Ca fait partie de mes réflexions du moment.
J'ai parfois l'impression d'une imposture dans la relation, de personnes qui ont des attentes qui ne m'appartiennent pas, que je ne peux combler. Et ça m'interroge toujours : est-ce moi qui réfléchit trop? Qu'est-ce que j'attends de telle relation? Est-ce que je suis pas trop effacée dans la relation?

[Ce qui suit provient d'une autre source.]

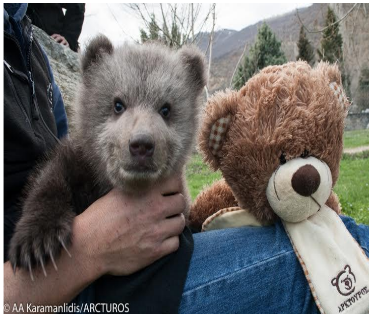
Εικόνα 2: Περίθαλψη αρκούδας από την επιστημονική ομάδα του Αρκτούρου

Β) Το πάρκο προστασίας της άγριας ζωής στο Νυμφαίο της Φλώρινας, ο Αρκτούρος, έχει ως στόχο την ενεργό δράση και συμμετοχή των πολιτών καθώς και του μαθητικού πληθυσμού στην προστασία των άγριων σαρκοφάγων και των βιοτόπων τους στα Βαλκάνια [4].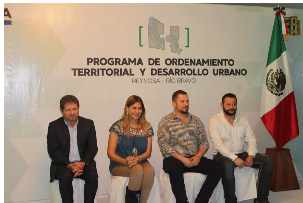
Presentación del POTDU Reynosa-Río Bravo (noviembre 2017)

proceso, en noviembre de 2017, los ayuntamientos de Reynosa y Río Bravo firmaron un acuerdo para la creación de un POTDU para la zona metropolitana, que a efectos prácticos implicaba, en primer lugar, la adecuación de los respectivos reglamentos municipales (los de Construcción, Imagen Urbana, Protección Civil, Desarrollo Urbano, Movilidad y Atlas de Riesgo, entre otros). Para afianzar estas acciones, el gobierno federal asignó un presupuesto de 14,900,000 pesos.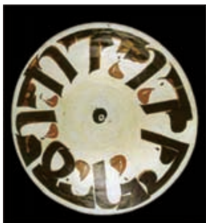
تصویر ۲۸ - بشقاب سفالی، نقش پرند (راست) خط نوشته کوفی (چپ) ایران، نیشاپور، سده ۳ یا ۴ هجری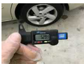
задние левые шины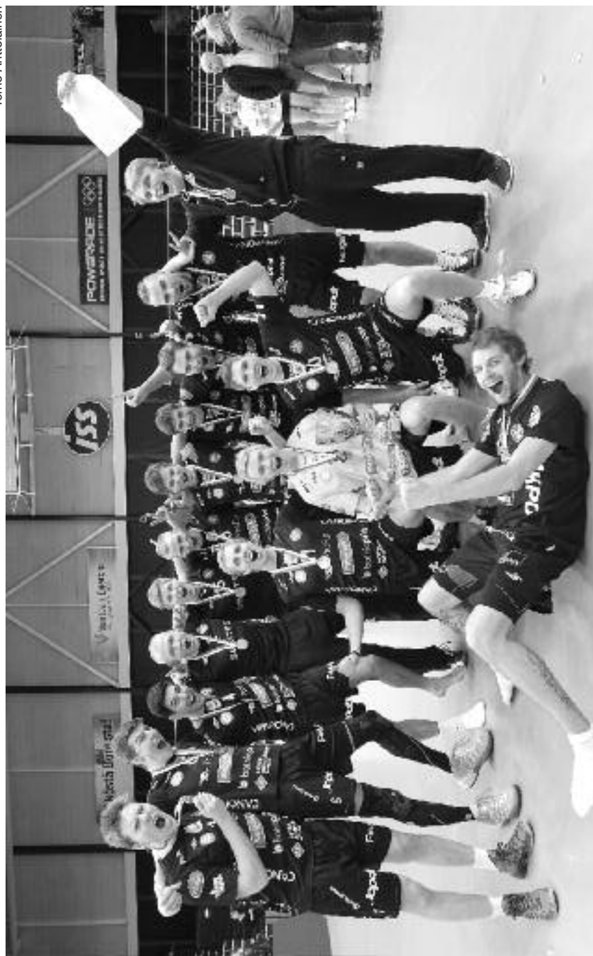
Kokkolan Tiikerit taisteli Suomen Cupin 2013 voiton Vantaan Energia Areenalla.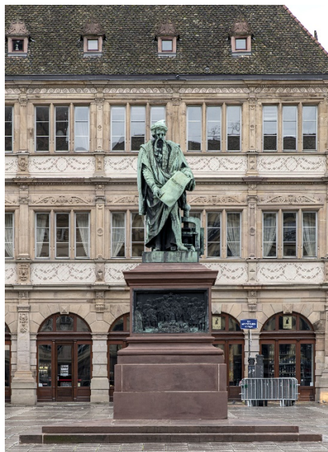
Place Gutenberg.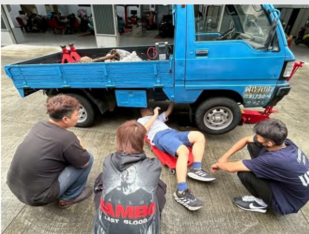
東南科大偏鄉服務專業教育實踐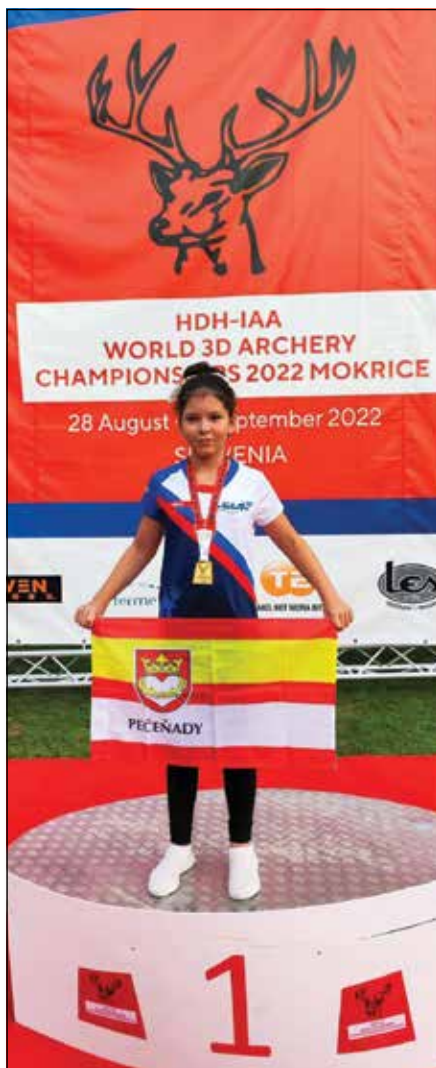
● Medaila pôjde do Pečeniad...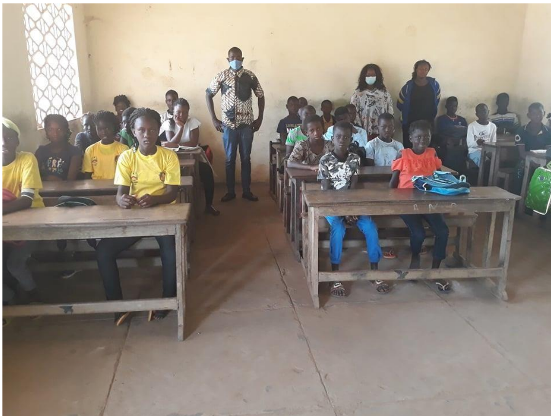
Fig. 09 Alunos de 2º ano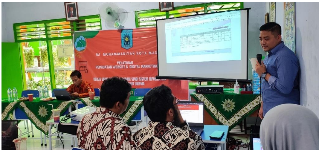
Gambar 6. Pelatihan Pengelolaan Website Sekolah Sesi Tanya Jawab (Bagian 3)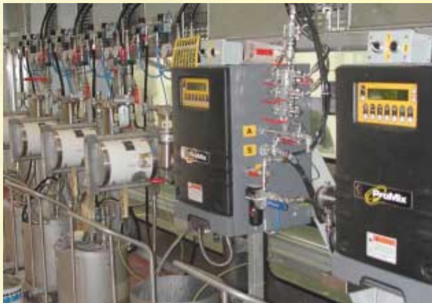
Dvoukomponentní, elektronicky řízené zařízení GRACO PROMIX s centrálním zásobováním barvou s možností sledování statistiky přesnosti míchání a spotřeb pro účely systému řízení jakosti a kalkulace nákladů.

v Mladé Boleslavi (2000) a v Kvasinách (2001) a vybavení lakovny zákaznických oprav v KAROSA a.s. aplikační technikou (2001).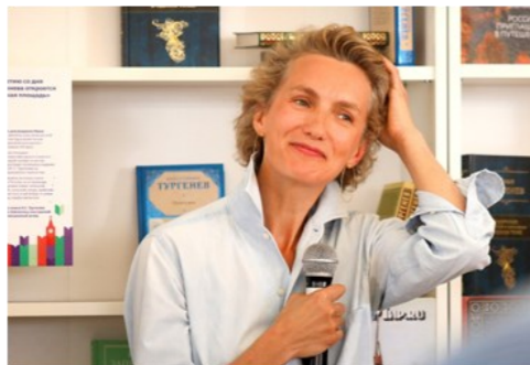
Анна Гавальда (род. 9 декабря 1970, Булонь-Бийанкур) — популярная французская писательница

Но долго я так не выдержал. Захотелось хоть чем-нибудь занять руки... Я стал осматривать дом на предмет того, чтобы что-нибудь улучшить. Мама часто жаловалась при мне на горы глажки и говорила, что ее мечта — гладить сидя. Вот я и взялся решить эту задачу. Разобрал ножки гладильной доски — там был упор, и сделать ее ниже не получалось, — высчитал нужную высоту и установил доску на четыре деревянные ножки, как обычный стол. Потом отвинтил колесики от старого сервировочного столика — я нашел его напротив дома неделю назад — и приладил их к стулу, на котором давно никто не сидел. Еще и подставку для утюга переделал, потому что мама недавно купила новый, другой модели, здоровенный «Мулинекс» с пароувлажнителем, и я сомневался, что старая подставка его выдержит. На это у меня ушло полных два дня. Потом я принялся за мотор газонокосилки. Разобрал его полностью, хорошенько почистил и снова собрал по винтику. Косилка завелась с пол-оборота. Отец меня не слушал, а я то знал, что не надо везти ее в ремонт, все просто из-за грязи. В тот вечер в доме дышалось чуть полегче. Мама приготовила на ужин гренки с ветчиной, сыром и яйцом, мои любимые, вроде как в награду, а отец не стал включать телевизор.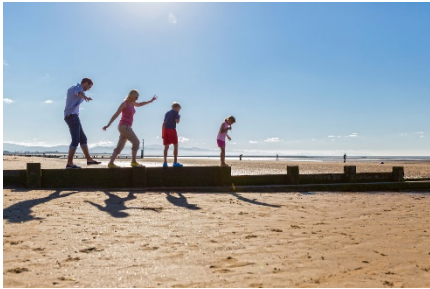
y trysor pennaf yng nghoron y Rhyl: Mae'r traeth yn boblogaidd ond nid yw'n hawdd ei gyrraedd ar droed neu ar feic o ganol y dref

Mae'r Rhyl yn un o drefi glan môr enwocaf Gogledd Cymru ac yn un o'r ychydig drefi yn Sir Ddinbych sy'n elwa ar nifer o strydoedd sydd eisoes yn cael eu pedestreiddio, sy'n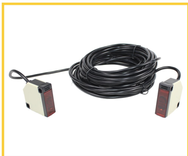
Sistema Infra Vermelho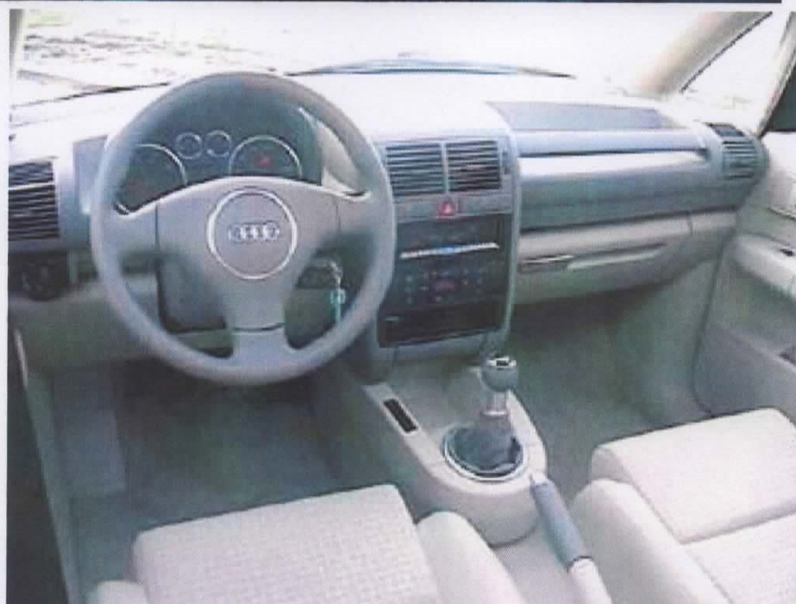
Open-Sky-System, Gehele dak is van GLAS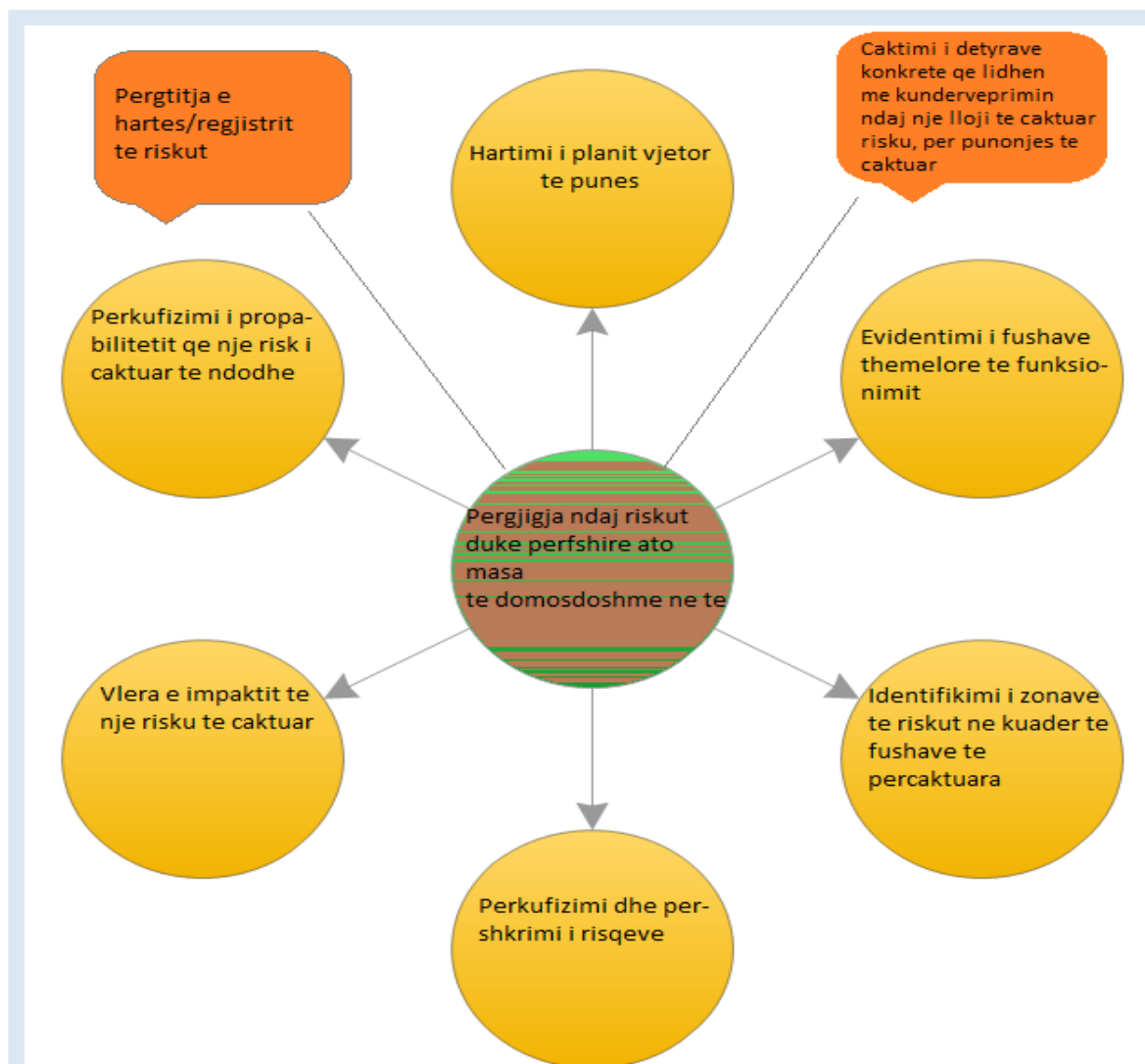
Fig. 1 - Skema e menaxhimit të riskut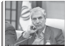
سابقه بیمه روستائیان برای باننشستگی، ۱۰ سال شد

رئیس سازمان حج و زیارت از آغاز ثبت نام در کاروان های حج تمتع در سراسر کشور خبر داد و گفت: ثبت نام در کاروان های حج تمتع امسال به صورت همزمان در همه استان ها از ساعت ۹ صبح روز یکشنبه (پرواز) آغاز شده است. حمید محمدی در خصوص زمان اعلام کاروان های حج افزود: همه واجدین شرایط تشریف به حج امسال که از ۲۳ فروردین تا ۲۱ اردیبهشت با مراجعه به شعب بانگ ملی ملی ثبت نام اولیه تشریف به حج اقدام کرده اند، می توانند با مراجعه به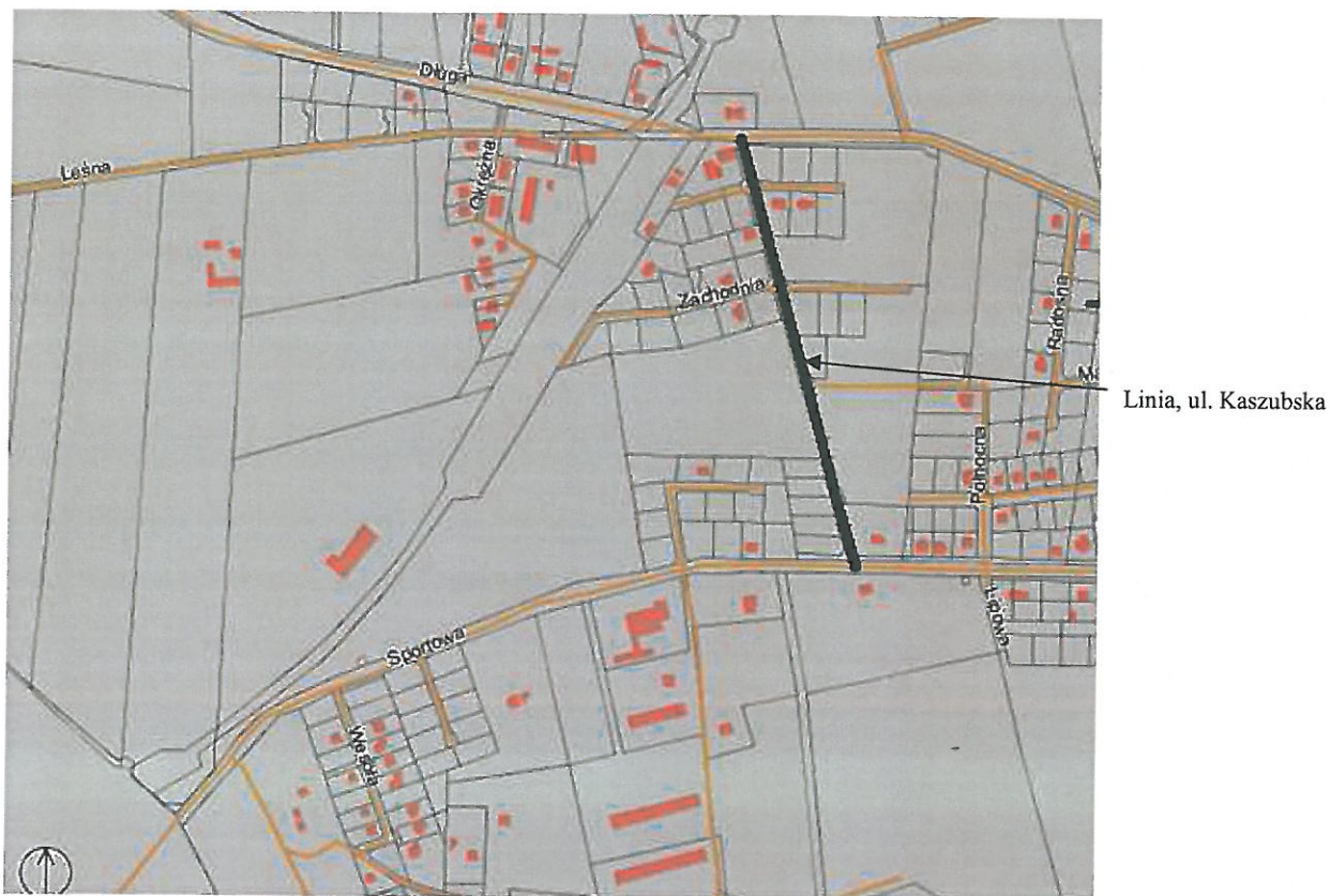
Rys.1 Mapa poglądowa z zaznaczoną na czarno drogą przeznaczoną do zaliczenia do kategorii dróg gminnych (Linia, ul. Kaszubska)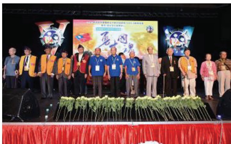
香港榮光會辦理抗戰勝利紀念活動

本會在海外並無編制內之分支機構 ，為服務僑居海外我國退伍軍人， 以歐、美、亞及大洋洲等19個國家成立之42個榮光聯誼會為平臺 ，協助 服務旅居海外之退伍軍人及眷屬 。鼓勵積極參與僑居地各項退伍軍人相關活動，同時與各國退伍軍人組織保持良好互動，維繫情誼。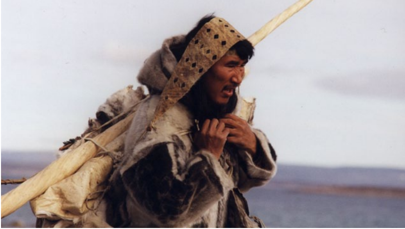
Un chasseur inuit

vues comme un sujet sans importance particulière parmi les Inuit. Elles ne constituent pas un motif de vendetta de la part de sa parenté (...) L'agression physique et verbale entre les hommes est réprouvée, mais l'agression sexuelle contre les femmes sous la forme du rapt ou du viol est courante 1 . »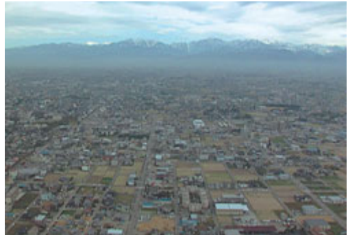
豊かな自然と高次都市機能は、新市の大きな魅力です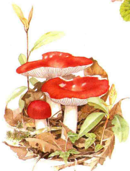
■ 红菇科……见第 106 页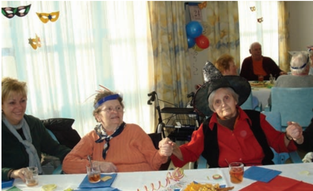
Lachen macht gesund

lachen und weinen, plaudern und schweigen, sich wohlfühlen und angenommen sind.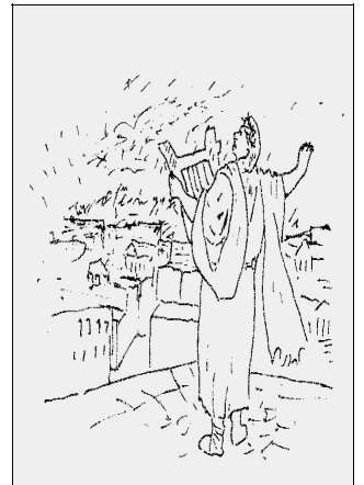
Kejser Nero synger under Roms brand

sønderrevet af hunde; andre korsfæstedes, og atter andre blev indsvøbt i brandbare klæder og blev brugt til at oplyse natten.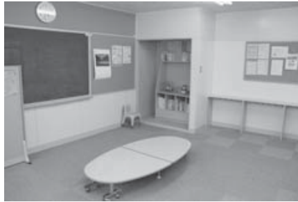
安心して利用できる相談室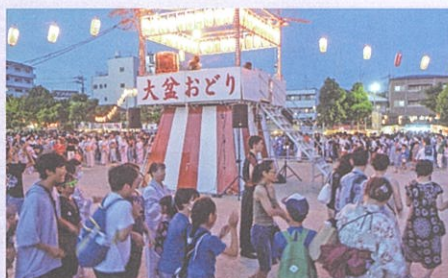
⑨地域行事等活動推進事業(7月) (石橋まつりやぐら関連整備)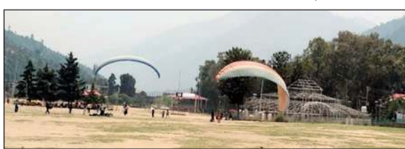
रिविवा को ढालपुर मैदान में पैराग्लाइडिंग का लुफ्त उड़ते हुए पर्यटक।

इस संदर्भ में जिला पर्यटन विभाग कुल्लू को मिली शिकायत पर जांच करने पर पाया गया कि पैराग्लाइडरों ने अपनी मनमानी की थी। इस पर कार्रवाई करते हुए विभाग ने पीज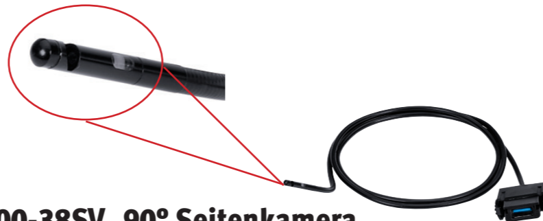
BK7000-38SV 90° Seitenkamera (Blickwinkel 117°)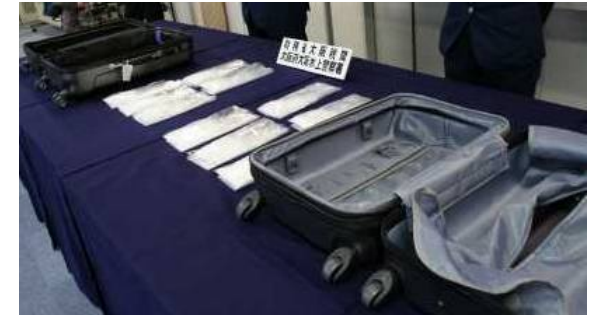
覚醒剤が隠匿されていたスーツケース

中華人民共和国から到着した日本人フェリー旅客から、覚醒剤約 2kg を摘発しました。覚醒剤はスーツケースの内張り内に隠匿されていました。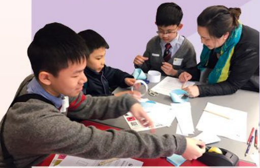
參加The Julia Robinson Mathematics Festival in Hong Kong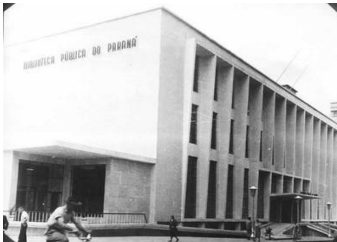
Figura 1 – Fachada da Biblioteca Pública do Paraná 1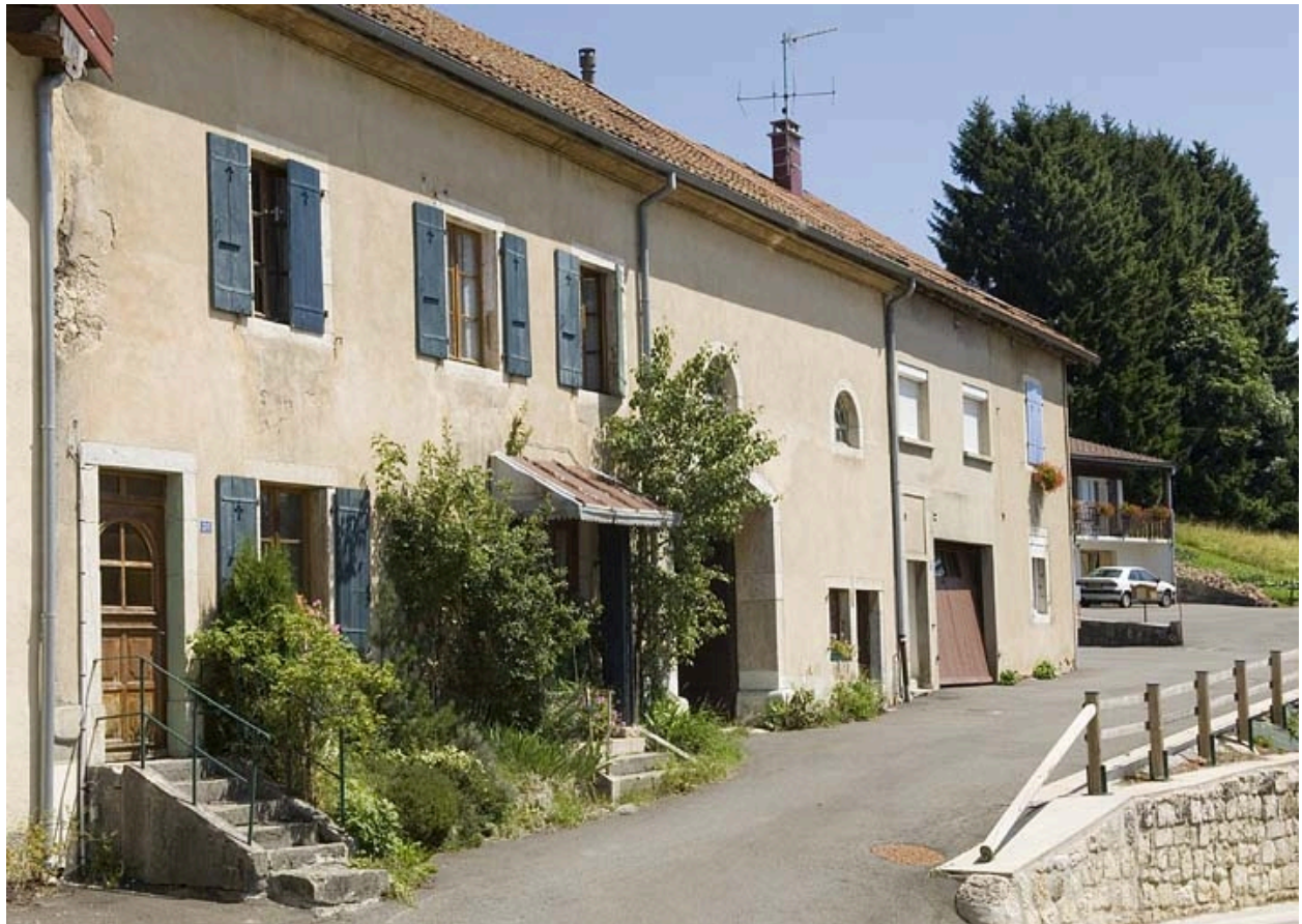
Vue de trois quart gauche.

Il y a T., croisée par hasard et qui un jour m'a appelée dans la rue comme si nous étions les meilleures amies du monde. T. est sympa et en apparence, elle a l'air bien dans sa vie. Mais ses confidences, qui arrivent rapidement, noircissent le tableau. T. est négative, voire aigrie. Elle s'enferme dans des impasses qu'elle dénonce et dont elle se plaint. T. est malheureuse...et seule. Peut-être est-ce le point commun qui l'amène à me percevoir comme une grande amie. J'apprécie nos papotages et autres moments passés ensemble. Sauf que nous avons beaucoup de différences, qu'elle parait nier. Je peux être triste et morose...mais je ne suis pas pessimiste. J'essaie de saisir le meilleur des expériences qui s'offre à moi. J'apprécie de faire des choses seule aussi. T., je crois a besoin d'écoute, de compagnie. Je peux les lui apporter mais pas tout le temps et je souhaite pas que ça se passe dans un seul sens. J'ai découvert en lisant un magazine (je sais! ça me perdra ;-)) que peut-être elle était une personne dépendante, qui donnait à tout va pour essayer de s'attacher les autres...ou se plaindre d'eux. Ca pourrait expliquer ce sentiment que je ressens, d'être en dette et en même temps envahie...
Et puis, il y a C. Je la connais depuis davantage de temps. Une copine de classe que je trouvais sympa mais très centrée sur elle. Le temps a passé, avec des périodes où l'on se voyait souvent, d'autres moins. Et puis cette année où j'ai cru qu'elle devenait une amie. Loupé. Là encore, le sentiment d'une relation unilatérale où j'étais seule à écouter, soutenir. J'ai montré plus d'exigence à son égard, je me suis moins laissée faire et, après s'être montrée un peu plus à l'écoute , elle est redevenue plus distante et de nouveau en situation de recevoir et non de donner. Je crains que ce soit là sa personnalité, une personnalité centrée sur elle et exigeante avec les autres. Comme souvent le culot paie (du moins il me semble), elle a toujours des gens qui lui donnent, qui remplacent ceux qui la quitte. Des gens qui se sont habitués "elle est comme ça, il faut rien attendre d'elle". Je ne souhaite pas m'habituer.
Moi, ça m'a interrogée. Est-ce mon côté "bonne poire" qui les a attiré? Peut-être... C'est juste à moi alors de clarifier que je ne souhaite pas en être une. C'est juste difficile quand on essaie en face de me culpabiliser (T.) ou quand on en appelle à une difficulté personnelle, temporaire mais qui dure (C).
D'autres gens me veulent du bien et m'en donnent...sans attendre de contre-partie. C'est pour eux que j'ai envie je crois d'être là quand ils en ont besoin.